**Assignment**
Your answer should hold exactly the lines from the line containing "So sleek, so" through the end of the entries that follow.

-- Opening Marker --

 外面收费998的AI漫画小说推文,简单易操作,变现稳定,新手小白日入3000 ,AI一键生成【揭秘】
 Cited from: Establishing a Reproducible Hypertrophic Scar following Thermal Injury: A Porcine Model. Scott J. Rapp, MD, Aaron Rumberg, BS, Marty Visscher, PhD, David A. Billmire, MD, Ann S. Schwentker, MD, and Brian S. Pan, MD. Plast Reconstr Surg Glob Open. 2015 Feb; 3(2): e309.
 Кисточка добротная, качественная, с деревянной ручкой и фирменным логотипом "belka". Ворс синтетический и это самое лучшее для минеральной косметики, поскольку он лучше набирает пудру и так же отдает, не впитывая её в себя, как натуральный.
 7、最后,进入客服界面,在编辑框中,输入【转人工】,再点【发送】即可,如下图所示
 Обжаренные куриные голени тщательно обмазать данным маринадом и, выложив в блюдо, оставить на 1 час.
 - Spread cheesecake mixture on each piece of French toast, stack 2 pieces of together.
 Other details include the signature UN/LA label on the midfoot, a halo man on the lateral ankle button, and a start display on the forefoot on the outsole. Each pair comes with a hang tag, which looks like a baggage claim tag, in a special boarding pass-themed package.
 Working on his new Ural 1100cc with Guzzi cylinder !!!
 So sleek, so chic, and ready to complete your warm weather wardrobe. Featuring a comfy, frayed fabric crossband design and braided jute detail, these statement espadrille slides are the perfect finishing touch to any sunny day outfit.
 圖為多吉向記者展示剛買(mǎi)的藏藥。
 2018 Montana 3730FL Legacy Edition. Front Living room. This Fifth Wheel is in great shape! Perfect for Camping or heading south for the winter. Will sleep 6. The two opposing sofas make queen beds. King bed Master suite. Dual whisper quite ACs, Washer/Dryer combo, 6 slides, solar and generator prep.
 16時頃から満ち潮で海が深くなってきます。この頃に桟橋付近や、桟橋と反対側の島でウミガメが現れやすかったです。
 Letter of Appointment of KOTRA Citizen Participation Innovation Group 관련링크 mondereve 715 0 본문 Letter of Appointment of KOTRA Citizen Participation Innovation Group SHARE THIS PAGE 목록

-- Closing Marker --

**Exercise result**
 So sleek, so chic, and ready to complete your warm weather wardrobe. Featuring a comfy, frayed fabric crossband design and braided jute detail, these statement espadrille slides are the perfect finishing touch to any sunny day outfit.
 圖為多吉向記者展示剛買(mǎi)的藏藥。
 2018 Montana 3730FL Legacy Edition. Front Living room. This Fifth Wheel is in great shape! Perfect for Camping or heading south for the winter. Will sleep 6. The two opposing sofas make queen beds. King bed Master suite. Dual whisper quite ACs, Washer/Dryer combo, 6 slides, solar and generator prep.
 16時頃から満ち潮で海が深くなってきます。この頃に桟橋付近や、桟橋と反対側の島でウミガメが現れやすかったです。
 Letter of Appointment of KOTRA Citizen Participation Innovation Group 관련링크 mondereve 715 0 본문 Letter of Appointment of KOTRA Citizen Participation Innovation Group SHARE THIS PAGE 목록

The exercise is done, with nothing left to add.